→ Goal of the exercise: Nothing below is to be printed except the lines between the line holding "Hungry Hippo tem" and the line holding "60 Pack Plastic", inclusive, each exactly as it appears.

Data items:
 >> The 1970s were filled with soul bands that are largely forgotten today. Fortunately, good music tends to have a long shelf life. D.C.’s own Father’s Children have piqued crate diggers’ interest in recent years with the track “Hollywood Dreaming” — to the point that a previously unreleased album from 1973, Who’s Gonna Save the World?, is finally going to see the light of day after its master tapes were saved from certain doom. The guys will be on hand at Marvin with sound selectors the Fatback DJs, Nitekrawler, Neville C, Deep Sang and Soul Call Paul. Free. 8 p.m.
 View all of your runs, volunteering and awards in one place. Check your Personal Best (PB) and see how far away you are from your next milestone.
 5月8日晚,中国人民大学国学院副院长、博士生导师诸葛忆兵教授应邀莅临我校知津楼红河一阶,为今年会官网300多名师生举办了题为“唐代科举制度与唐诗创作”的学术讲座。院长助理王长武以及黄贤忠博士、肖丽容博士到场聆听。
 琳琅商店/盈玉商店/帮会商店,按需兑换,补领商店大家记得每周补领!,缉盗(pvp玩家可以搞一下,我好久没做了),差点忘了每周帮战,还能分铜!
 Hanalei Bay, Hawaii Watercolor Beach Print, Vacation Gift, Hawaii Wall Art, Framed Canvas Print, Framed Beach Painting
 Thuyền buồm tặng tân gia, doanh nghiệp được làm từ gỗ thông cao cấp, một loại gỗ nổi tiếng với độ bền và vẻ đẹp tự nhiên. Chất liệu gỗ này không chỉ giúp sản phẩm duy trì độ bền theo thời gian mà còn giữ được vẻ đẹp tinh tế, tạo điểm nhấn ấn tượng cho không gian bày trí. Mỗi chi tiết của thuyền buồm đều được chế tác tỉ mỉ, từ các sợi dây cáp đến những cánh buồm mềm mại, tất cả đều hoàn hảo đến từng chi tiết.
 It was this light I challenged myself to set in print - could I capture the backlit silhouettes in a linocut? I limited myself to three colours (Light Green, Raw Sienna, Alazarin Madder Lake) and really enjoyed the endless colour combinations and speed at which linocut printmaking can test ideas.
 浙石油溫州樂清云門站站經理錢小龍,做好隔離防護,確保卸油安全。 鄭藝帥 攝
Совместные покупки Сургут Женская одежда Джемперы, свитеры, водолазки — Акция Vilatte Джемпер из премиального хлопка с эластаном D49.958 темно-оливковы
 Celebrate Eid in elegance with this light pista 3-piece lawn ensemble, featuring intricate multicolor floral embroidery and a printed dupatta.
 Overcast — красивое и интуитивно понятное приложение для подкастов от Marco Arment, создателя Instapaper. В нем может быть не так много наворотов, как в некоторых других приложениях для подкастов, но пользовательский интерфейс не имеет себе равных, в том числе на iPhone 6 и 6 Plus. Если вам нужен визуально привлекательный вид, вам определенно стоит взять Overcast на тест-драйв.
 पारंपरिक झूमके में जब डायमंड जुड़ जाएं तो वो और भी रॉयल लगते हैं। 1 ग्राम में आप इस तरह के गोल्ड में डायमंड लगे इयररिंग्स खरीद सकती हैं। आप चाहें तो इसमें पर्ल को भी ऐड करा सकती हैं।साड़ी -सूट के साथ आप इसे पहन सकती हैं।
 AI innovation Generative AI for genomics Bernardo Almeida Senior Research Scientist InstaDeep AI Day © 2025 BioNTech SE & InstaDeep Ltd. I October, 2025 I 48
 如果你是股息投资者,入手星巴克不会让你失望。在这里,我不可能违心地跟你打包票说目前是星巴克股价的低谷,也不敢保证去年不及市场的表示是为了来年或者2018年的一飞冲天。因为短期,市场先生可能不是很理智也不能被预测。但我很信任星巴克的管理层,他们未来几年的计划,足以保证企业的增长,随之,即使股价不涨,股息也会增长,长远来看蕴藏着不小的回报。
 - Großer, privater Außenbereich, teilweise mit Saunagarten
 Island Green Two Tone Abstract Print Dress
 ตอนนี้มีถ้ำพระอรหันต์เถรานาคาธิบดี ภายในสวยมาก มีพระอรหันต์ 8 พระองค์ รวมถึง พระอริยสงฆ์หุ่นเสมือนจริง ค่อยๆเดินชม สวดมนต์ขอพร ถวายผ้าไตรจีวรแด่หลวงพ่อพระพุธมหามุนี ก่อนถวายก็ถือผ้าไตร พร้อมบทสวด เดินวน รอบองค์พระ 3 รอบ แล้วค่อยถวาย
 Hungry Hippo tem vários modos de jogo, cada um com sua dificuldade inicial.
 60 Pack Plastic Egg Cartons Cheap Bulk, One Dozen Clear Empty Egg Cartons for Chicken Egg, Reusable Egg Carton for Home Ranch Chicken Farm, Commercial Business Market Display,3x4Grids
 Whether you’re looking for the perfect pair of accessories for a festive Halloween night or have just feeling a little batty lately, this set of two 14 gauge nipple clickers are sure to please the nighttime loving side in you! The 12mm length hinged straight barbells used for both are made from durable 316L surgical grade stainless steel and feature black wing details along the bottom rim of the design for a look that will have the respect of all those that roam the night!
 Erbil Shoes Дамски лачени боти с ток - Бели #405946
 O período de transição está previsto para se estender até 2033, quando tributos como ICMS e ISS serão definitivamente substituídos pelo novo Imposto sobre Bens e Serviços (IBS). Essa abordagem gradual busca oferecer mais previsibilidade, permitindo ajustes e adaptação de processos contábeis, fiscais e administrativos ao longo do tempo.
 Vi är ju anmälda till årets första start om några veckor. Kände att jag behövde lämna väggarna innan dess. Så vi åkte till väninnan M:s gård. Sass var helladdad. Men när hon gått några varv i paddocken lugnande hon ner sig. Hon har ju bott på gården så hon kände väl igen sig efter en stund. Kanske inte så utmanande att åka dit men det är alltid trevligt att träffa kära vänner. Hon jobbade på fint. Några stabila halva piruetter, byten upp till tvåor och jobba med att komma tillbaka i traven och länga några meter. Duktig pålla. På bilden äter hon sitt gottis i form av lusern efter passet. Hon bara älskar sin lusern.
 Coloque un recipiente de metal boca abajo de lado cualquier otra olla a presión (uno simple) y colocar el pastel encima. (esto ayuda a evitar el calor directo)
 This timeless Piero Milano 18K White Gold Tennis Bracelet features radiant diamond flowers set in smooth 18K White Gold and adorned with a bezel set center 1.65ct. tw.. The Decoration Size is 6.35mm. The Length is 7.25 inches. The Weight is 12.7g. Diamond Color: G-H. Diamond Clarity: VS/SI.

→ Response area:
 Hungry Hippo tem vários modos de jogo, cada um com sua dificuldade inicial.
 60 Pack Plastic Egg Cartons Cheap Bulk, One Dozen Clear Empty Egg Cartons for Chicken Egg, Reusable Egg Carton for Home Ranch Chicken Farm, Commercial Business Market Display,3x4Grids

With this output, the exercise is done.